I attended the panel entitled “Ecological Re-enchantment” and the following are brief comments on the stimulating papers and themes. The panel, convened by Timo Kallinen, brought together papers exploring certain new, revived and persistent ways of valuing and relating to nature. These are often seen as spiritual alternatives to modernization processes, which construe nature in reductionist, linear and homogenizing forms. Thus, for example, in Kallinen’s paper based on research in Ghana, he noted how the secularizing effects of missionary activity that took place a century ago were intended to induce African converts to abandon their traditional commitments to sacred environments, in order to facilitate more efficient resource extraction.

Recently, however, a revaluation of traditional and religious ways of relating to the environment has occurred, and government agencies and NGOs have launched ecotourism projects centered on places, natural formations and nonhuman species that are considered sacred.

Kallinen examined how local conceptualizations of these processes have altered ideas about modernity, how they are viewed by diverse religious groups and what they imply about the relationship between religion and economic development in Ghana.

Talal Asad has suggested that religion is a human universal to the extent that it makes more sense to ask about how secular formations are construed and maintained. Not only are notions of native spirituality being revalued in conservation politics, as Kallinen described, religious values such as biblically inspired notions of ecological stewardship are also challenging secular environmentalism. The ideological and practical alliances that indigenous peoples form with conservation agencies are of course complex and ambivalent. This includes their links to what have been called “post-secular” emergences of spirituality making western publics more receptive to ontologically diverse notions of enchanted natures. Various modern modes of valuing nature, such as commodification for tourism, seem susceptible to articulations with forms of ecological re-enchantment.
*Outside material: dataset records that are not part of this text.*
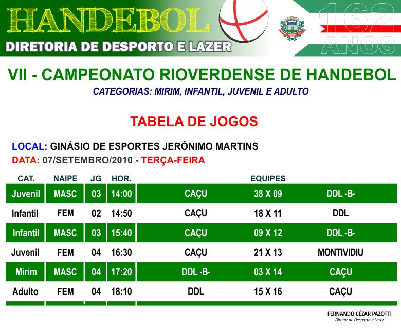 VII Campeonato Rio-verdense de Handebol – Resultados
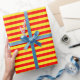 Un papier d'emballage a conçu avec un motif rayé rouge et jaune dans la taille moyenne. Vous pouvez changer le jaune pour une couleur différente d'une manière simple.
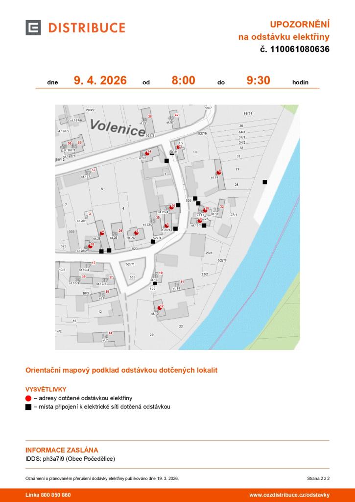Oznamujeme plánovanou odstávku elektřiny ve Volenice dne 9. dubna 2026 od 8:00 do 9:30 hodin. Dotčeny budou adresy č.p. 4-9, 12, 28, 34, 36 a 48. Je nutné mít na paměti, že i v době odstávky je třeba považovat všechna zařízení za pod napětím a dbát na bezpečnostní opatření.

Photo by Luan Anh (flickr, CC BY-SA 2.0)

Photo by Luan Anh (flickr, CC BY-SA 2.0)

Susannah Crockford observed similar processes in her rich paper on the sacred power vortexes that local residents experience in the iconic, red rock canyon landscape surrounding Sedona, Arizona. In recent decades this landscape has become a locus of “New Age” beliefs. These beliefs are centered on spiraling energy vortexes, which call to people to visit and live near their psychic energies, enhancing practices of healing, meditation and channeling. Drawing on the work of Durkheim and Eliade on the sacred, Crockford asked whether there is something particular in the landscape that evokes these figurations of sacred agency, or if it functions more like a blank canvas for such projections. She noted that early American settlers, who displaced Native American peoples from the area, viewed the landscape as harsh rather than spiritual. However, local people today associate its powers with the autochthony of Native American cultures.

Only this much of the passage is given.